How to Reduce Number of
Variables and Detect Relationships, Principal Components and Factor Analysis
General
Purpose
The main applications of
factor analytic techniques are: (1) to reduce the number of variables
and (2) to detect structure in the relationships between variables, that
is to classify variables. Therefore, factor analysis is applied as a
data reduction or structure detection method (the term factor analysis
was first introduced by Thurstone, 1931). The topics listed below will describe
the principles of factor analysis, and how it can be applied towards these two
purposes.
There are many excellent
books on factor analysis. For example, a hands-on how-to approach can be found
in Stevens (1986); more detailed technical descriptions are provided in Cooley
and Lohnes (1971); Harman (1976); Kim and Mueller, (1978a, 1978b); Lawley and
Maxwell (1971); Lindeman, Merenda, and Gold (1980); Morrison (1967); or Mulaik
(1972). The interpretation of secondary factors in hierarchical factor
analysis, as an alternative to traditional oblique rotational strategies, is
explained in detail by Wherry (1984).
Confirmatory factor
analysis. Structural Equation Modeling (SEPATH) allows
you to test specific hypotheses about the factor structure for a set of
variables, in one or several samples (e.g., you can compare factor structures
across samples).
Correspondence analysis. Correspondence
analysis is a descriptive/exploratory technique designed to analyze two-way and
multi-way tables containing some measure of correspondence between the rows and
columns. The results provide information which is similar in nature to those
produced by factor analysis techniques, and they allow you to explore the
structure of categorical variables included in the table.
|
Suppose we conducted a
(rather "silly") study in which we measure 100 people's height in
inches and centimeters. Thus, we would have two variables that measure height.
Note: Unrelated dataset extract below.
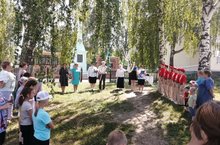 Сегодня дети нашего ДОУ с воспитателем Фединой С.П. приняли участие в мероприятии передачи флага Кайбицкого района.
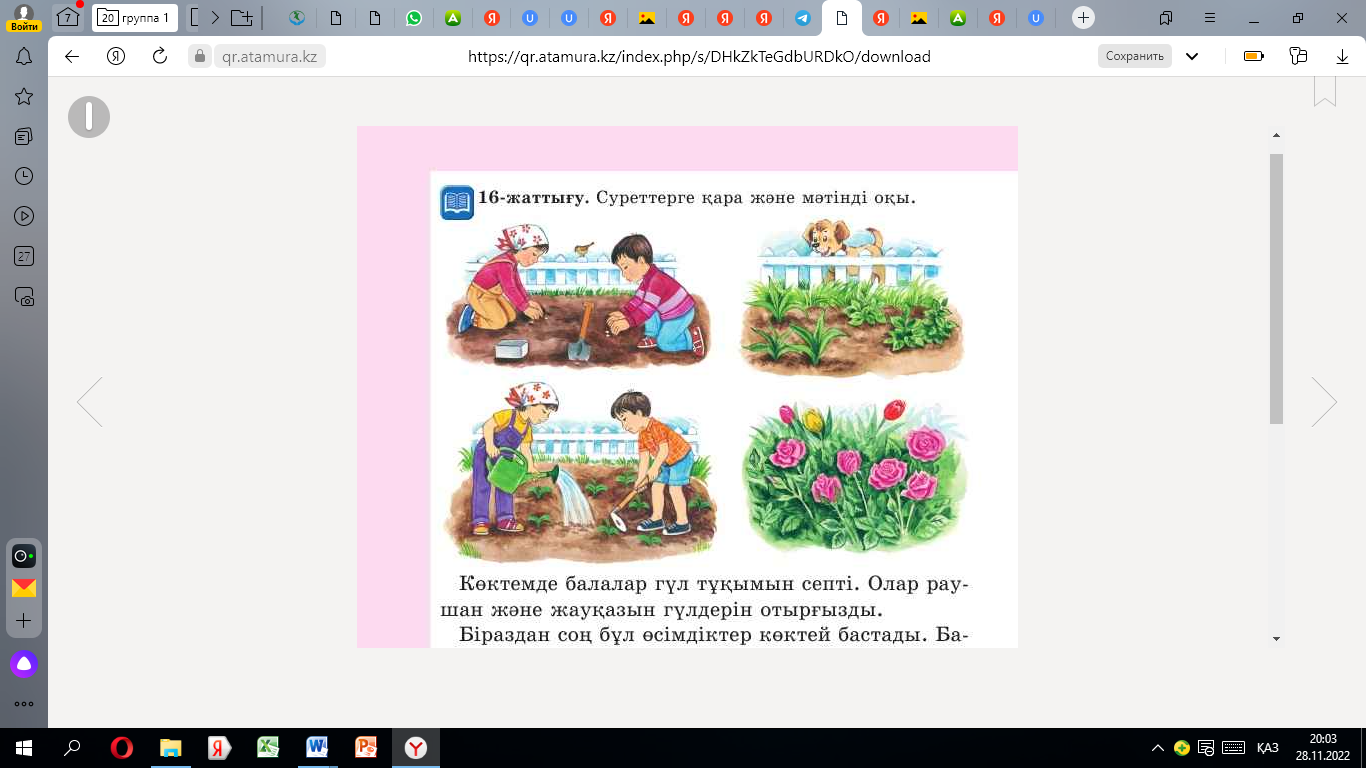 1. мәтін мазмұны бойынша лепті сөйлем құрастырады 2.мәтінді әрі қарай жалғастырып жазады Сұраққа жауап береді Балалар жаттығу жасайды |

If in future studies, we want to research, for example, the effect of different
nutritional food supplements on height, would we continue to use both measures?
Probably not; height is one characteristic of a person, regardless of how it is
measured.
Let's now extrapolate
from this "silly" study to something that you might actually do
as a researcher. Suppose we want to measure people's satisfaction with their
lives. We design a satisfaction questionnaire with various items; among other
things we ask our subjects how satisfied they are with their hobbies (item 1)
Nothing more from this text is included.